Listed records -
-*-

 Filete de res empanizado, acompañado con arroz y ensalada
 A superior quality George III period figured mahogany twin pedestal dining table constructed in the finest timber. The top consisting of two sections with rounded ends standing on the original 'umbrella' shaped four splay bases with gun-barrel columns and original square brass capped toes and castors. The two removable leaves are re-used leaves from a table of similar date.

-*-

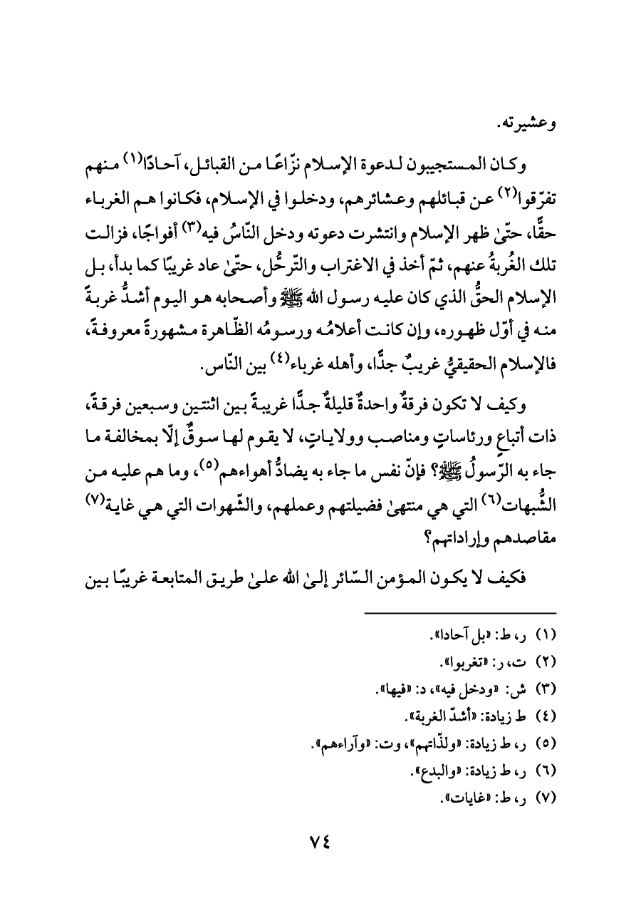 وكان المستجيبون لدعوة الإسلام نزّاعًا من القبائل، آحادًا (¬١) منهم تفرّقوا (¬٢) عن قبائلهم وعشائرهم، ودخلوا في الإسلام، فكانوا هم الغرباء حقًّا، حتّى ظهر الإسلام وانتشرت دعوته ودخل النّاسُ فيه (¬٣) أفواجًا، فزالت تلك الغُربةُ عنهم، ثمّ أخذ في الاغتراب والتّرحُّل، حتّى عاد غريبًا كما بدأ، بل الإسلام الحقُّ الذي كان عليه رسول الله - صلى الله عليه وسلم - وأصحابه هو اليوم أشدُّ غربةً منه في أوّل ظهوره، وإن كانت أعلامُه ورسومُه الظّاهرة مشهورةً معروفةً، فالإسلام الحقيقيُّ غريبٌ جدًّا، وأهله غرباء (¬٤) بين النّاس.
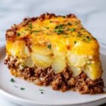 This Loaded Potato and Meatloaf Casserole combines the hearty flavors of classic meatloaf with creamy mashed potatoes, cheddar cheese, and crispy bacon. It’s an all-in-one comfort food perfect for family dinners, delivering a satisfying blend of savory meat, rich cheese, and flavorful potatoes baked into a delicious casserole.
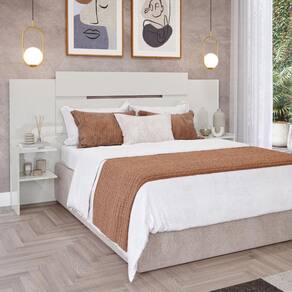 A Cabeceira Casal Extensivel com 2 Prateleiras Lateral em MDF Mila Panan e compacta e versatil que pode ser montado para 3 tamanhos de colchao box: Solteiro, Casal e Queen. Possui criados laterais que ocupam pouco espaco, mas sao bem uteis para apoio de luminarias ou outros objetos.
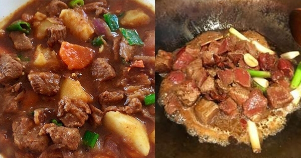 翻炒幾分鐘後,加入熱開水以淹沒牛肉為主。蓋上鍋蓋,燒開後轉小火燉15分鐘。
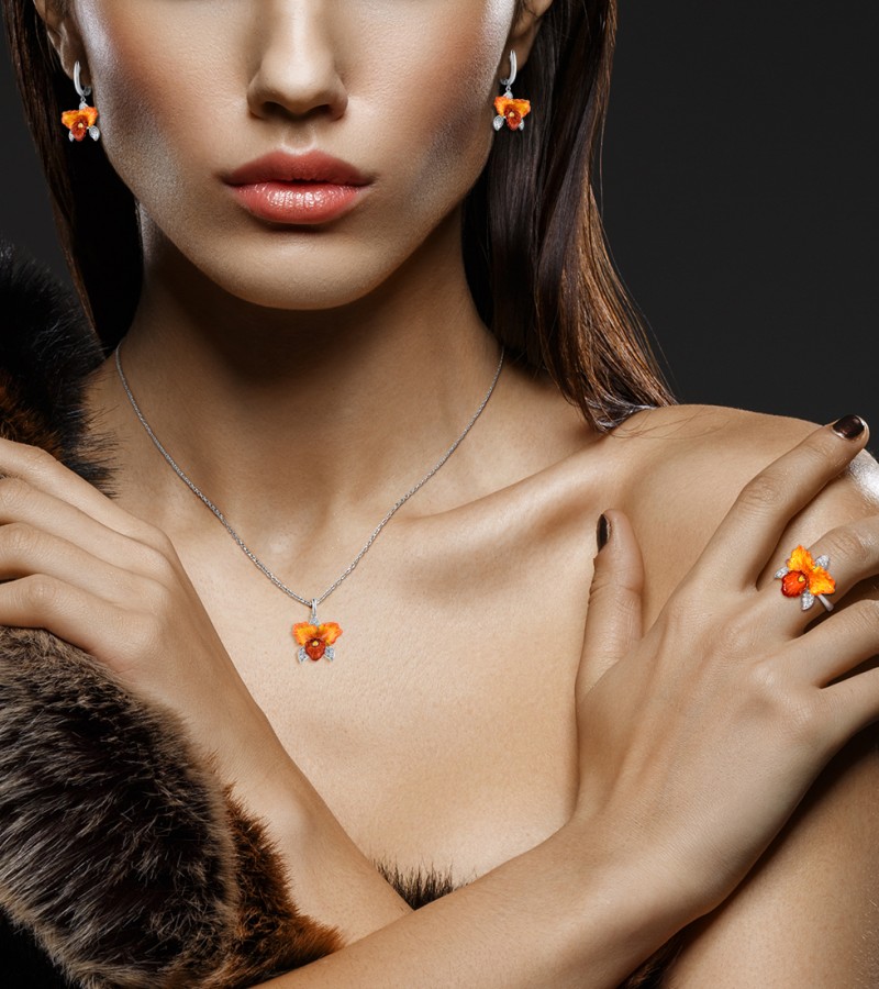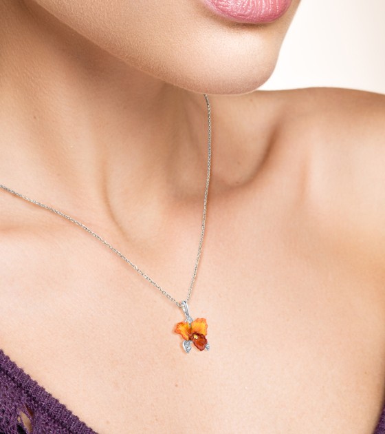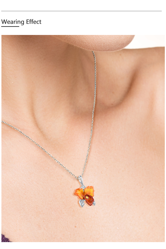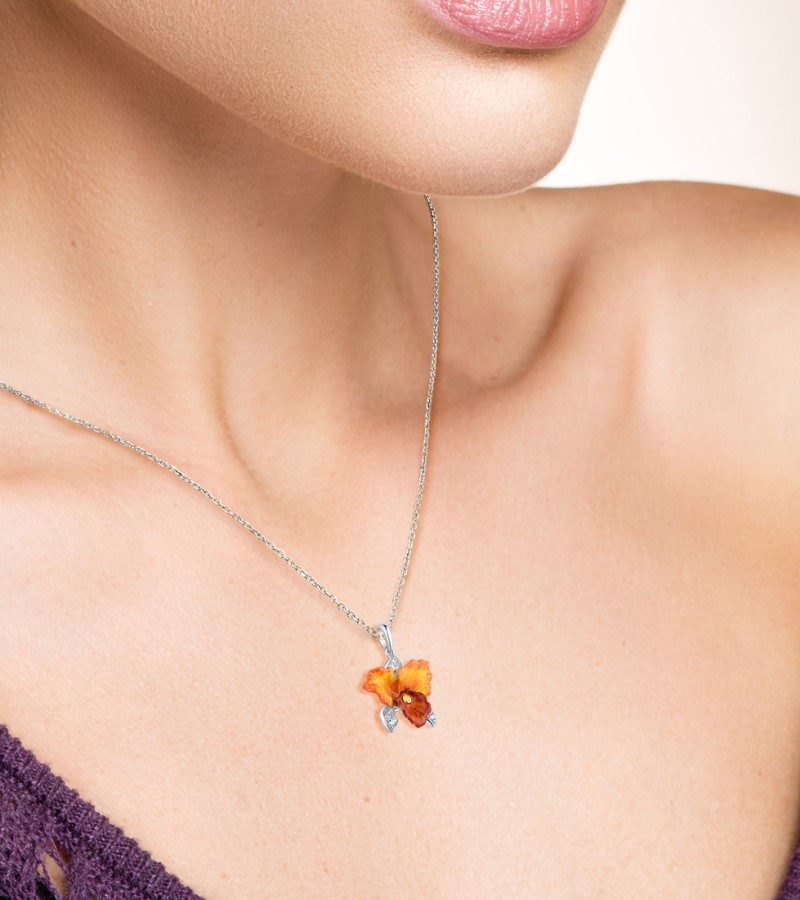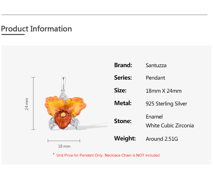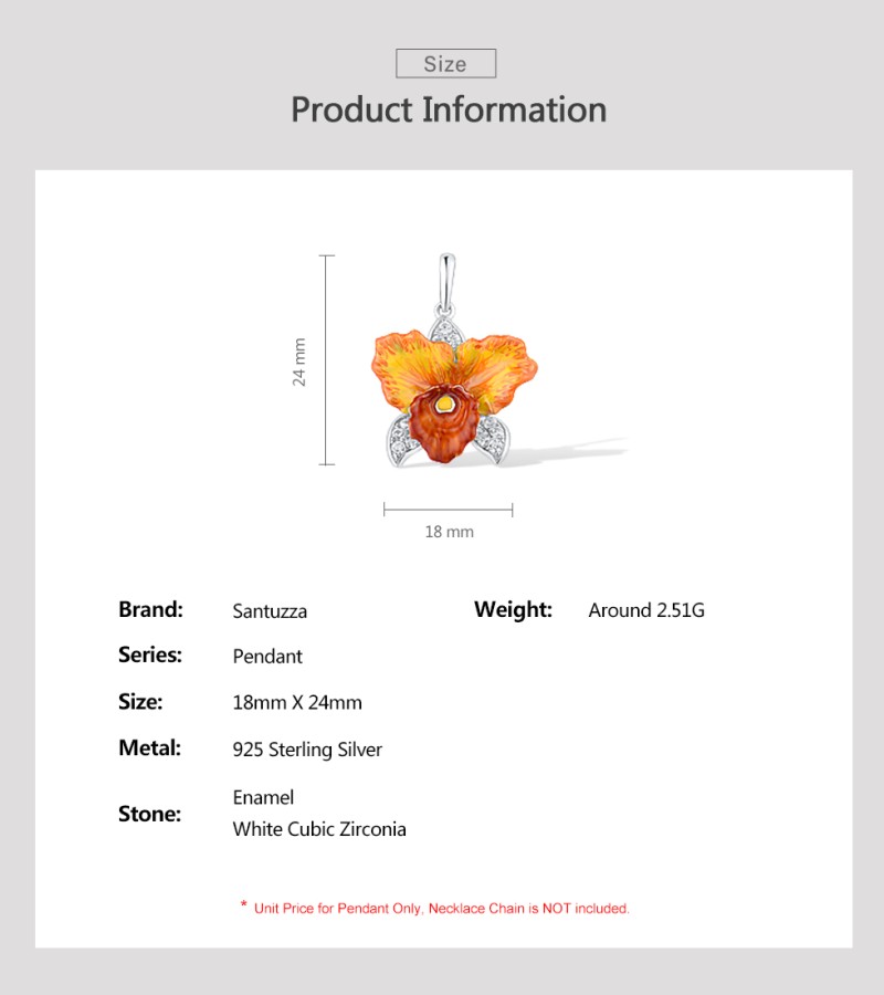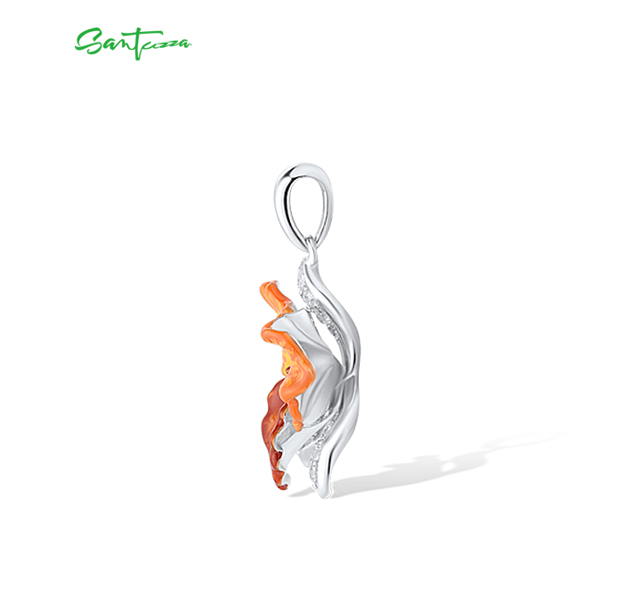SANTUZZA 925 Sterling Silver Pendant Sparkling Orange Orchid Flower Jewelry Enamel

-*-

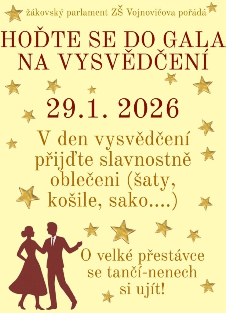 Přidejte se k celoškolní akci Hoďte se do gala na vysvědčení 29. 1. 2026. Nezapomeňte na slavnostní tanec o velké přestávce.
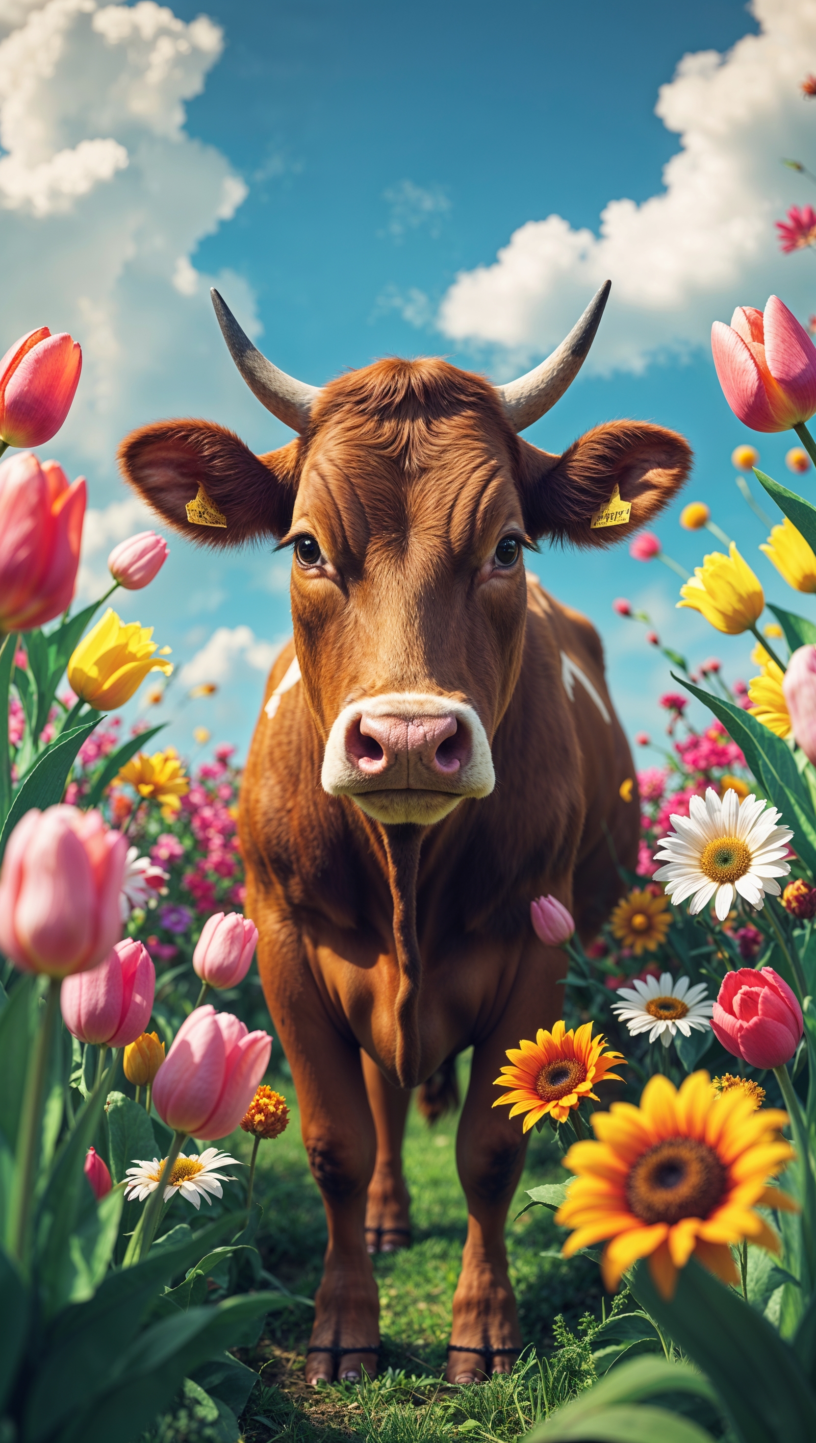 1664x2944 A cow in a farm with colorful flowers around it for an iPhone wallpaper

-*-

Beginning with the line above that contains "Přidejte se k" and finishing with the line that contains "1664x2944 A cow", print those lines exactly and only. Skip all pictures.

Answer section -
 Přidejte se k celoškolní akci Hoďte se do gala na vysvědčení 29. 1. 2026. Nezapomeňte na slavnostní tanec o velké přestávce.
 1664x2944 A cow in a farm with colorful flowers around it for an iPhone wallpaper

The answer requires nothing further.